Allergic diseases include atopic dermatitis, atopic allergy, food allergy, pollen allergy, allergic rhinitis (pollen allergy), anaphylaxis, pet allergy, latex allergy, drug allergy, allergic rhinitis conjunctivitis, eosinophilic esophagitis , Eosinophilia syndrome, eosinophilic gastroenteritis and the like.

Examples of rejection include graft versus host rejection.

Infectious diseases include Salmonella, Shigella, Clostridium difficile, Mycobacterium (tuberculosis as disease), protozoa (malaria as disease), filamentous nematodes (filariasis as disease), schistosomiasis (as disease) Schistosomiasis), toxoplasma (toxoplasmosis as disease), leishmania (leishmaniasis as disease), HCV and HBV (hepatitis C and hepatitis B as disease), herpes simplex virus (herpes as disease) Infectious diseases due to such as.

Diseases derived from adipose tissue inflammation include metabolic syndrome, visceral obesity, insulin resistance, hyperglycemia, dyslipidemia, hypertriglycerideemia, low HDL cholesterolemia, increased blood pressure, arteriosclerotic disease, type 2 diabetes, Nonalcoholic fatty liver disease (NAFLD), nonalcoholic steatohepatitis (NASH), etc. are mentioned.

The dose of the drug of the present invention can be appropriately selected depending on the age, sex, condition, other conditions, etc. of the administration subject. The amount of bacteria belonging to Bifidobacterium breve is preferably 2 × 10 ⁴ to 2 × 10 ⁹ cfu / kg / day, more preferably 2 × 10 ⁶ to 2 × 10 ⁹ cfu / kg / day. It is good to use the amount to become a standard.

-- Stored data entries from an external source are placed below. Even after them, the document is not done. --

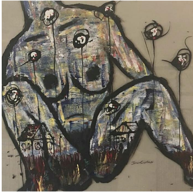
The Town JuanCarlos rLora 20 x 20 in Acrylic on glass $6,000

Contact info: ArtToSaveLives Contemporary 9705 NE 2 nd Ave, Miami, FL 33138 Luba Kladienko-Ramirez gallery@arttosavelives.org 845-548-5161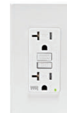
20A-125V@ Outlet 20A-125V Feed-Through Cat. No. GFWR2 (TR) Cat. No. GFWR2 (NTR)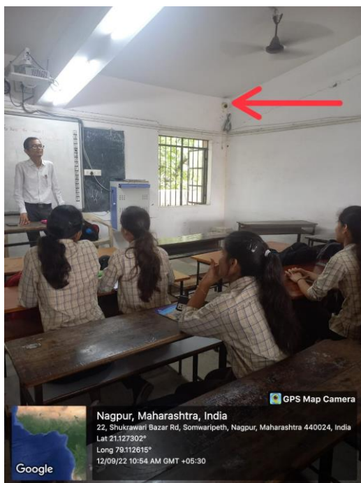
“CCTV Camera in Classrooms”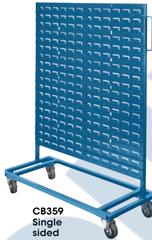
CB359 Single sided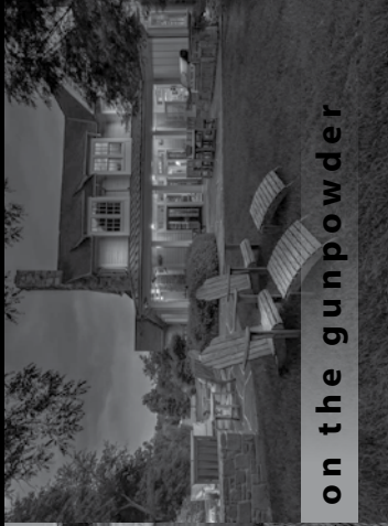
on the gunpowder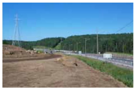
Construction on the ramps at Copenhagen Road.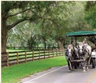
Ocala Carriage & Tours Ocala, FL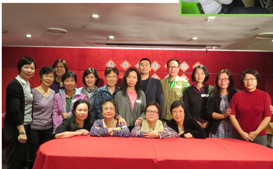
The robust team of ANHF volunteers at the annual Volunteer Appreciation Night.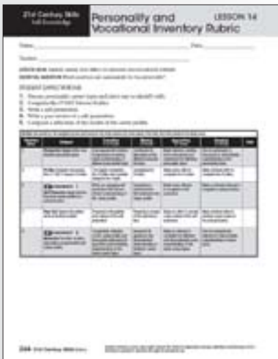
Personality and Vocational Inventory Rubric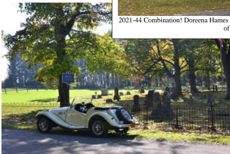
2021-44 Combination! The Robinsons' TF in the shade of fall foliage trees at a cemetery with a NY State historical marker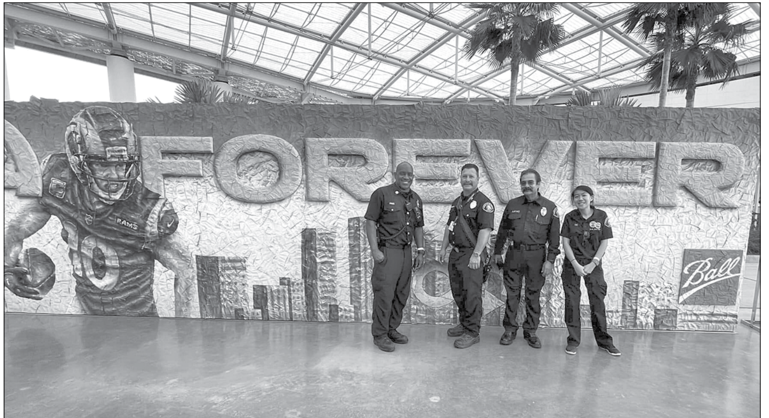
Congratulations to our hometown Los Angeles Rams on their National Football Championship win and advancement to Super Bowl LVI. You got this. One more win at home in SoFi Stadium, our "Rams House."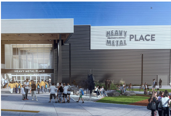
Heavy Metal Place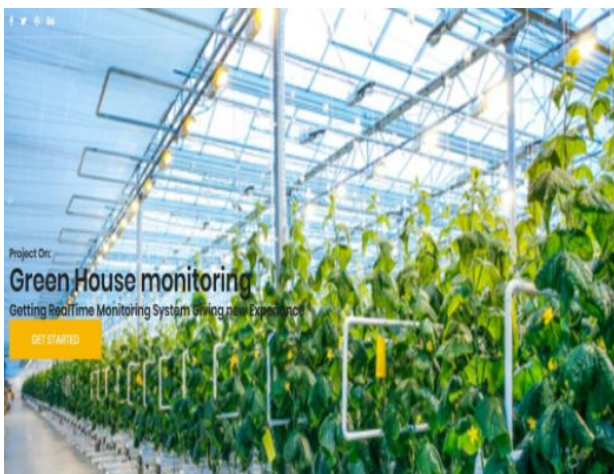
Figure 3. web page input window

We have developed the website of greenhouse monitoring system as shown in figure 10.1. This web browser displays a web page on a monitor or mobile device. On a network, a web browser can retrieve a web page from a remote web server. This web server is used access a private network such as a corporate intranet. The web browser uses the Hypertext Transfer Protocol (HTTP) to make such requests to the web server.

The administration time of the drug of the present invention is not particularly limited, and can be appropriately selected according to the state of the administration target. It may be administered prophylactically or used for maintenance therapy. Moreover, it is preferable that a dosage form is determined according to a formulation form, a patient's age, sex, other conditions, a patient's symptom, its grade, etc.

In any case, the drug of the present invention can be administered once or a plurality of times a day, or can be administered once every several days or weeks.

The drug of the present invention, or the bacteria belonging to Bifidobacterium breve, which is an active ingredient thereof, and lactulose, raffinose, and galactooligosaccharide can also be contained in food and drink (beverage or food).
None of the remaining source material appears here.